Позвонила писательница Дорис Лессинг, испытавшая очень большое влияние суфийского мистицизма, и сказала, что его защита «велась неправильно». Хомейни надо было изолировать как деятеля, чуждого исламу, как «фигуру вроде Пол Пота». «И еще должна вам сказать, — добавила она, женщина откровенная, — что ваша книга мне не нравится». У каждого было свое мнение. Каждый знал, как следовало поступить.

По издательскому миру распространялся страх. Опасения Питера Майера по поводу его будущих книг передались и другим издателям — он задавался вопросом, не пытаются ли люди из «Пенгуина» заручиться поддержкой своей позиции, чтобы не выглядеть слишком уж трусами, — и теперь французские и немецкие издатели говорили то же самое. Против выпуска «Шайтанских аятов» в мягкой обложке выступил еженедельник «Паблишерз уикли», и опять ему показалось, что тут действует чья-то рука — или пингвинье крыло.

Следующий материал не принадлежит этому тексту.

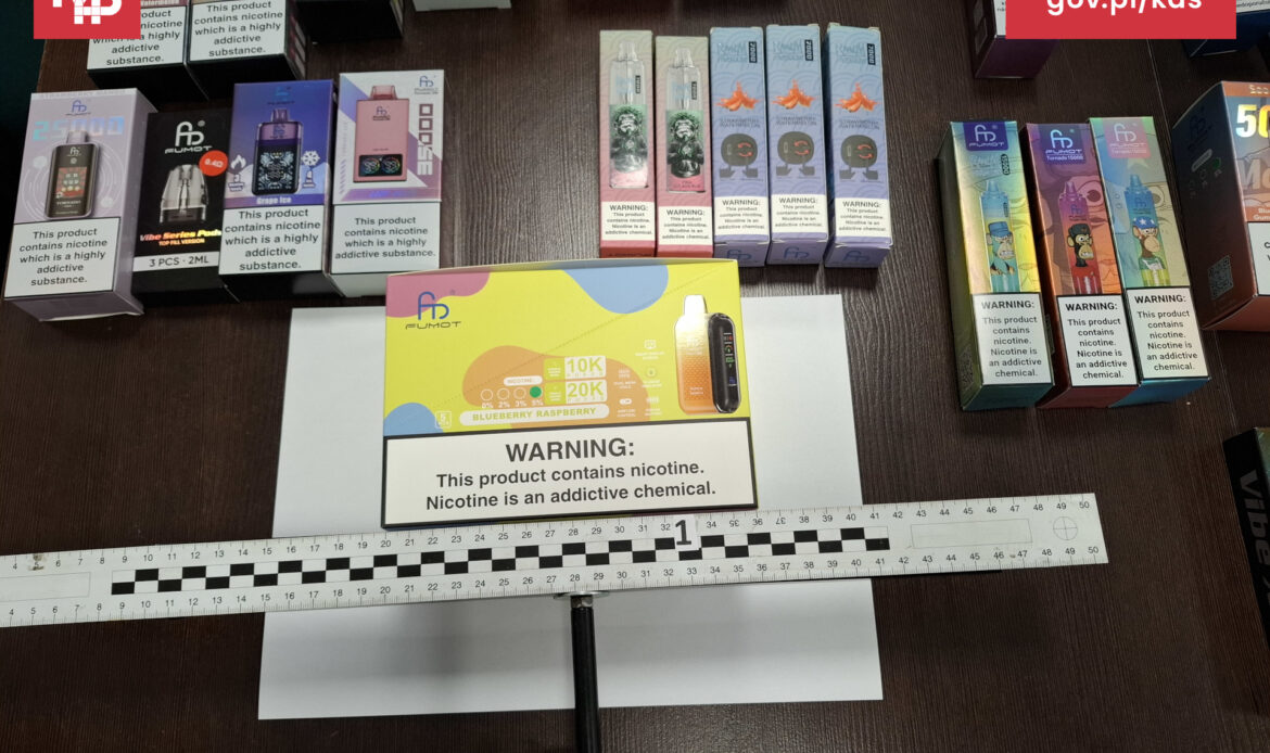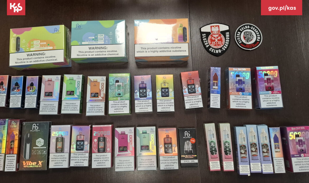 Ponad 50 litrów nielegalnych płynów do e-papierosów oraz tysiące innych wyrobów akcyzowych przechwycili funkcjonariusze Krajowej Administracji Skarbowej w Wielkopolsce. Do kontroli doszło w jednej z sortowni kurierskich, gdzie przesyłki miały trafić do odbiorców na terenie kraju. Szacunkowa wartość zabezpieczonego towaru to ponad 250 tysięcy złotych.
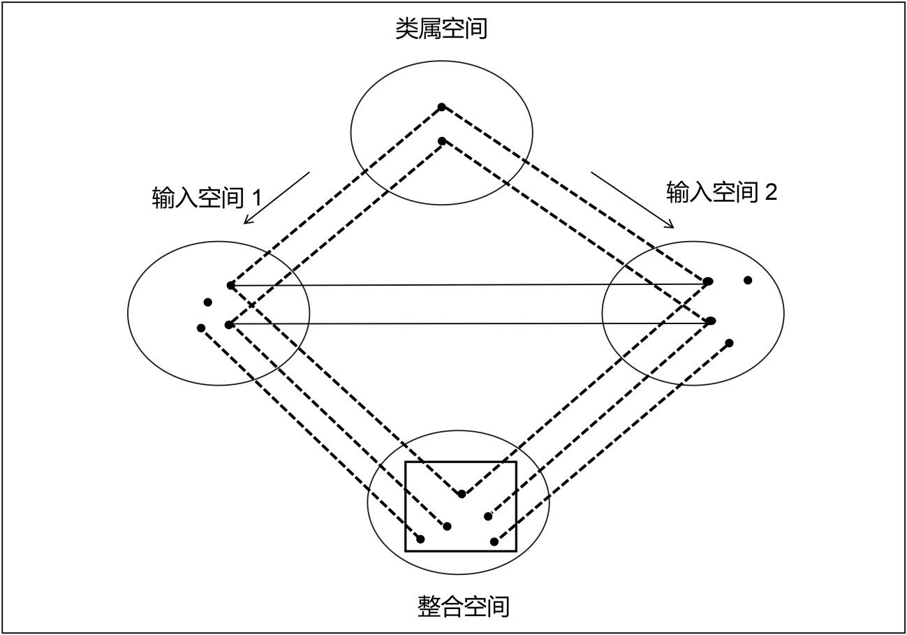 概念整合理论(Conceptual Blending Theory)是由Fauconnier和Turner (1998)提出的认知语言学框架,旨在解释概念意义建构的类比、递归等复杂心理认知过程。该理论主张,人类的认知能力通过整合来自不同心理空间的元素,创建新的意义和认知结构。如图1所示,概念整合过程涉及输入空间、类属空间和整合空间,其中两个输入空间分别对应源域和目标域,输入空间内共有的概念、结构以及图示映射至类属空间。类属空间内的元素则被有选择地映射至整合空间,从而输出新的概念[5]。
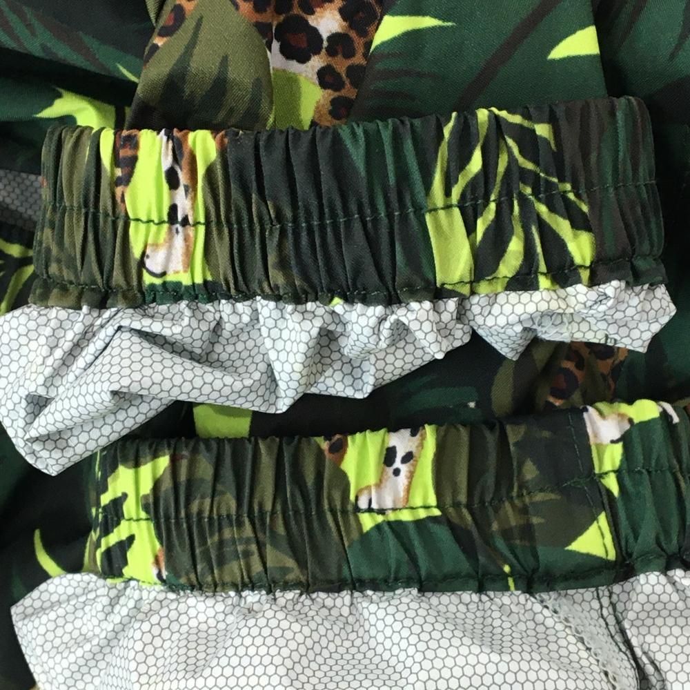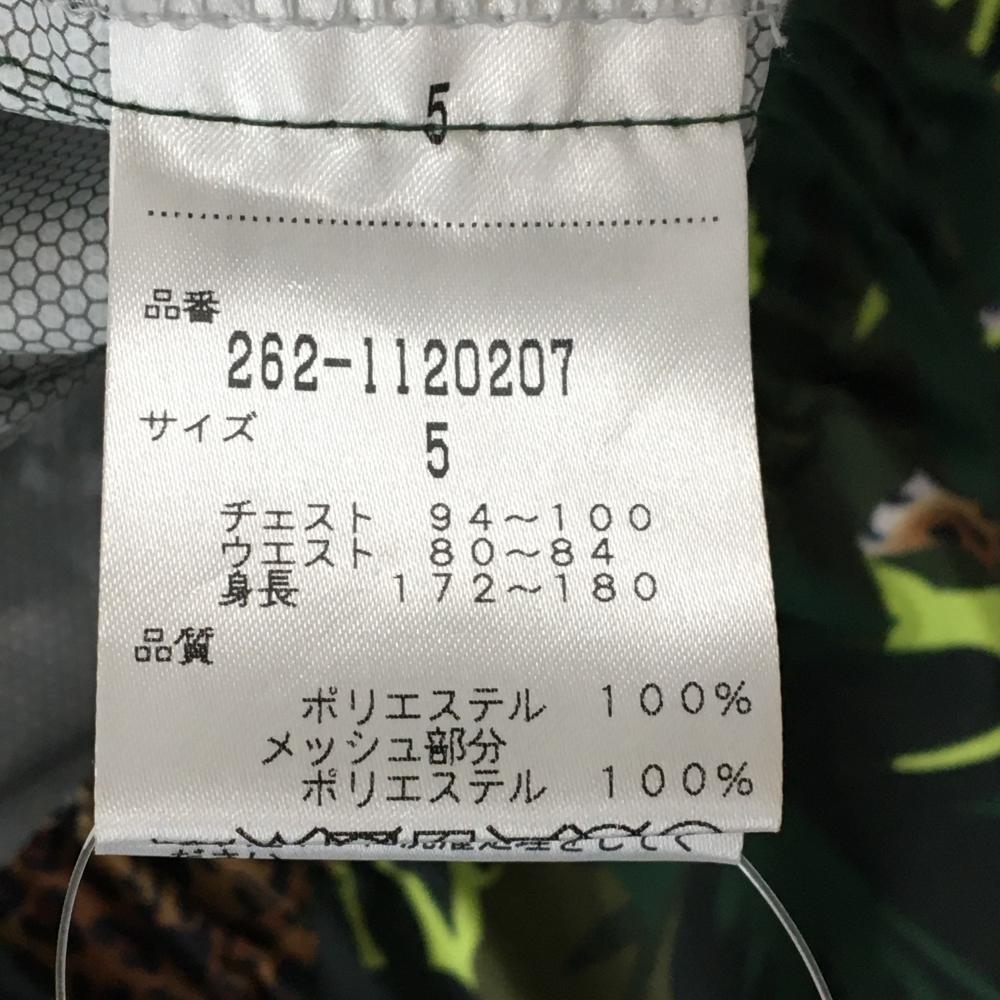 【美品】ジャックバニー ジップパーカー グリーン×ブラウン リーフ総柄 一部レオパード メンズ 5(L) ゴルフウェア Jack Bunny

Майер по-прежнему отказывался назвать дату, когда он сможет выпустить дешевое издание, ссылаясь на бомбы, обнаруженные около его дома. Как затем выяснилось, к «Шайтанским аятам» они отношения не имели: их подложили валлийские националисты. Но на позицию Майера это не повлияло. Тони Лейси сказал Гиллону, что Питеру только что угрожали убийством. Билл Бьюфорд приехал в Эссекс, и они на ужин приготовили утку. «Не злись», — сказал ему Билл.

Гиллон и Эндрю начали переговоры с людьми из издательства «Рэндом хаус» — с Энтони Читемом, с Саем Ньюхаузом — чтобы понять, не заинтересует ли их «Гарун и Море Историй». Они выразили интерес. Но ни они, ни Майер не сделали предложения. Тони Лейси пообещал, что «Пенгуин» пришлет письмо. Позвонил Сонни Мехта: он «делает все возможное», чтобы с «Рэндом хаус» дело выгорело.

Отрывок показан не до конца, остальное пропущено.